# Blue Hydrangea Blank - another way



## PenMan1 (Jun 17, 2014)

Planning:
Use materials that look like a Hydrangeas. We used blue Hydrangea flowers

http://www.penturners.org/photos/images/8612/medium/1_Vince_Dooley_Hydrangea.jpg
STEP 1: FIND a National Championship winning football coach that is also a Master Gardener and propagates his own hydrangeas. BUY HIS PLANTS! In our case, he just lives up the road and his a Hydrangea is world famous.

STEP 1.5 MOVE TO A CLIMATE where Hydrangea thrives!

STEP 2:
PLANT his plants then wait 5 years. If his plant didn't produce beautiful blue hydrangea flowers, BUY ANOTHER PLANT AND WAIT 5 MORE YEARS.
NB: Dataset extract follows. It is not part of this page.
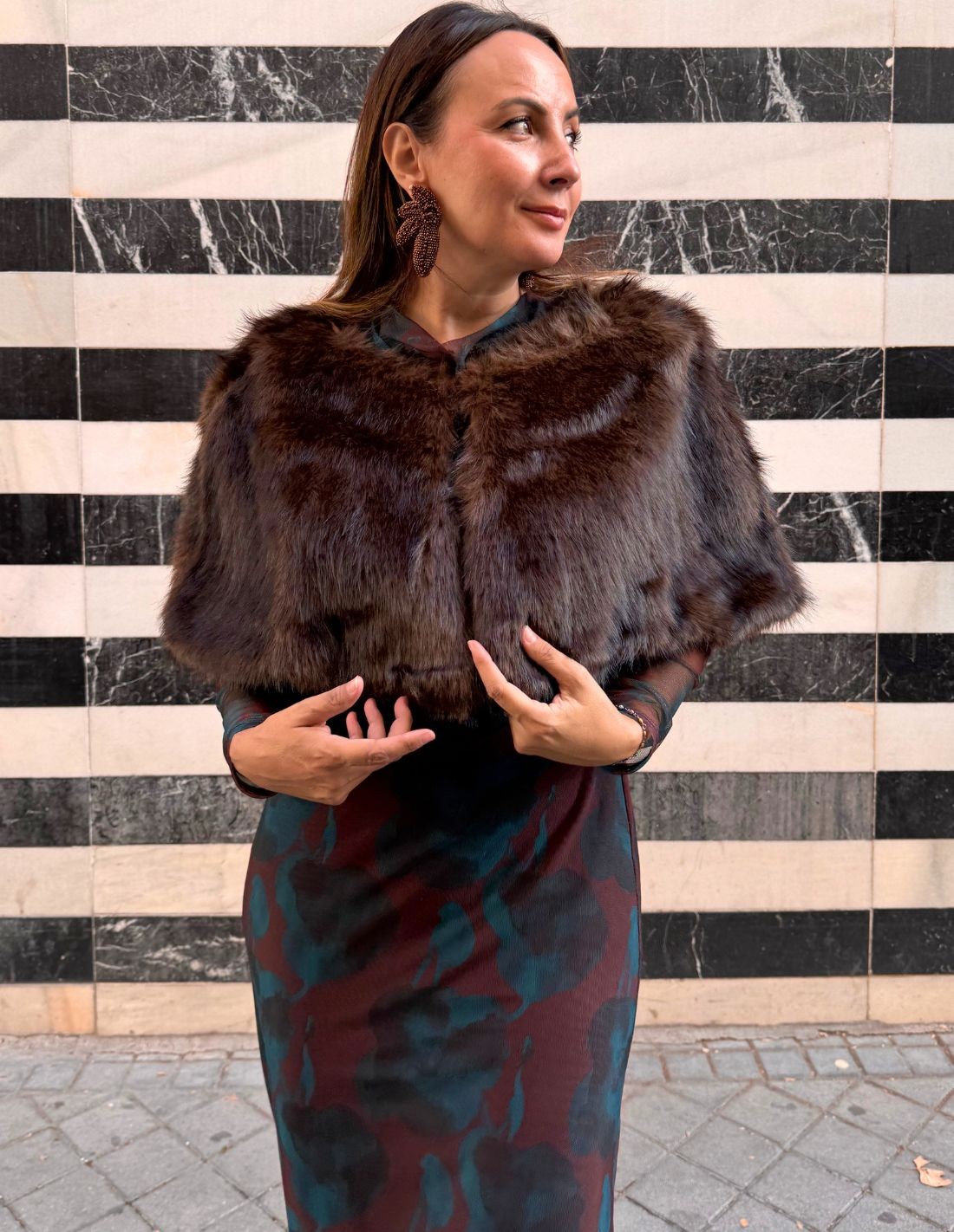 Ajoutez une touche d'élégance à votre look d'invité avec cette cape courte marron foncé, parfaite pour les événements d'automne et d'hiver. Son design structuré et son drapé fluide rehaussent n'importe quelle tenue, ce qui en fait le complément idéal des robes midi ou des ensembles deux pièces. La couleur marron foncé ajoute de la profondeur et de la sophistication, offrant une alternative moderne et polyvalente aux tons classiques. Fabriqué dans un tissu doux et de haute qualité.

http://www.penturners.org/photos/images/8612/medium/1_Hydrangea6.JPG
STEP 3:
JUST BEFORE all of the beautiful flowers turn brown, pick the flowers.

http://www.penturners.org/photos/images/8612/medium/1_Hydrangea1.JPG

STEP 4: Cast the flowers.

http://www.penturners.org/photos/images/8612/medium/2_Hydrangea2.JPG
Add more blue PR stuff as thin as water till all voids are filled

step 5: produce a blank
http://www.penturners.org/photos/images/8612/medium/1_Hydrangea3.JPG

http://www.penturners.org/photos/images/8612/medium/1_Hydrangea5.JPG
Step 6: FIND SOMEONE WILLING TO PAY for a pen that took 5 years to make.

OR.....you could just buy the resin blank I NEVER SAID this was a BETTER WAY


----------



## Dalecamino (Jun 17, 2014)

COOL!


----------



## BRobbins629 (Jun 17, 2014)

I always thought you were a flower child. Now I know.


----------



## EBorraga (Jun 17, 2014)

I thought Georgia fans weren't allowed to touch anything blue! :wink:


----------



## Marko50 (Jun 18, 2014)

Great idea. Love it!


----------